Problem
You’re attempting to publish / load balance your on-premise Exchange 2019 servers behind a Citrix ADC / NetScaler but notice that the health monitors created to check the health of the services (e.g. https://172.16.1.81/owa/healthcheck.htm) fail with the following error:
Failure – Time out during SSL handshake stage
The rest of the monitors are all reporting the same error:
Further troubleshooting reveals that this is due to the fact that the following server hardening registry keys are added to the Exchange 2019 servers:
ComputerHKEY_LOCAL_MACHINESYSTEMCurrentControlSetControlSecurityProvidersSCHANNEL
AllowInsecureRenegoClients
REG_DWORD
0
AllowInsecureRenegoServers
REG_DWORD
0
Removing these entries one of the Exchange servers will correct the error allowing the probe to report that the server is up (note that it is partial because the other server still has the registry key):
Various forum discussions on Citrix points adjusting Deny SSL Renegotiation but none of the configuration settings corrected the issue for the environment I worked with:
https://discussions.citrix.com/topic/401441-basic-load-balancing-for-owa-exchange-2019/page/3/
Solution
After performing extensive troubleshooting but not able to come to a resolution, I decided to upgrade the Citrix ADC / NetScaler from NS13.0 52.24.nc to the latest build available at the time, which was NS13.0 67.39.nc:
NS13.0 52.24.nc
NS13.0 67.39.nc
This ended up resolving the issue with the services being correctly determined as UP:
Hope this helps anyone who might be facing this same issue as there isn’t much material available and the available solutions did not work for me.
4 Responses
For what it's worth, we are experiencing the exact same scenario you've laid out. We will be attempting an ADC FW update in the next week and hope to see the issue resolved as you reported!
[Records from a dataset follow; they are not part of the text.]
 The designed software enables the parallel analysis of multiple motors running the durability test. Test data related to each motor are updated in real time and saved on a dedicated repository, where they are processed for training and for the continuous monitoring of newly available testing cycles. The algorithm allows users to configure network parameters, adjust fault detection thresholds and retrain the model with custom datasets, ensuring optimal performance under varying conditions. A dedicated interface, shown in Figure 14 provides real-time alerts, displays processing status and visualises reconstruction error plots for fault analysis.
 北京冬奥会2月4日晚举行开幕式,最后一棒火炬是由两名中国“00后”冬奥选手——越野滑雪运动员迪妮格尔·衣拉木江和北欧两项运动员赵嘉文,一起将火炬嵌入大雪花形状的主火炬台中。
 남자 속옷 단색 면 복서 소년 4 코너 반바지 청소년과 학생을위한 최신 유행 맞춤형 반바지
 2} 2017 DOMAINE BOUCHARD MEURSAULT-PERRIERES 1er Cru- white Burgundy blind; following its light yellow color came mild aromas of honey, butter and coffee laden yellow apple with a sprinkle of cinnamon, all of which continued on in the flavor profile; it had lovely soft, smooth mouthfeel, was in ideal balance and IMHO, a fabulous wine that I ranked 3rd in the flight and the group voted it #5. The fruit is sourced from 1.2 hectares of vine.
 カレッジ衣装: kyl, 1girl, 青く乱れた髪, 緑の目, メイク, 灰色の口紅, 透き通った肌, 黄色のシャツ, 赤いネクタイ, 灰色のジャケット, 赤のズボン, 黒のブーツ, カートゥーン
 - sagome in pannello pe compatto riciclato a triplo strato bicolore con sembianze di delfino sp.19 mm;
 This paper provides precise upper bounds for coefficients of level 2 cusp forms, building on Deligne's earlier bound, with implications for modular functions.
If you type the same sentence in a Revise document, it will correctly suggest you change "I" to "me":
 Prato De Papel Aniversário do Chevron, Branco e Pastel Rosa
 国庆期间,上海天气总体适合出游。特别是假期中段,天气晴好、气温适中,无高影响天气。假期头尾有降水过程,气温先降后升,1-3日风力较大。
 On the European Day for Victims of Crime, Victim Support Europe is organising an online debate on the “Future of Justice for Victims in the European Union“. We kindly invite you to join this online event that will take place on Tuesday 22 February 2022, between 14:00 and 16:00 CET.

Thank you Terence for your very helpful posts. The registry keys you noted regarding Renegotiation is the key! By default, the NetScaler is configured to DENY ALL renegotiation. The solution for me was to modify the default backend SSL profile (or create a new one) and select FRONTEND_CLIENT in the Deny SSL Renegotiation field, then and specify the SSL profile in the monitor.
Yes! Thank You. Was banging me head trying to figure out why the monitors on my ADC / Netscaler were not working for this one Exchange server. Removing those registry entries and restarting the IIS service fixed it.
I followed Almon's suggestion for the SSL profile and everything is working now. Thank you so much.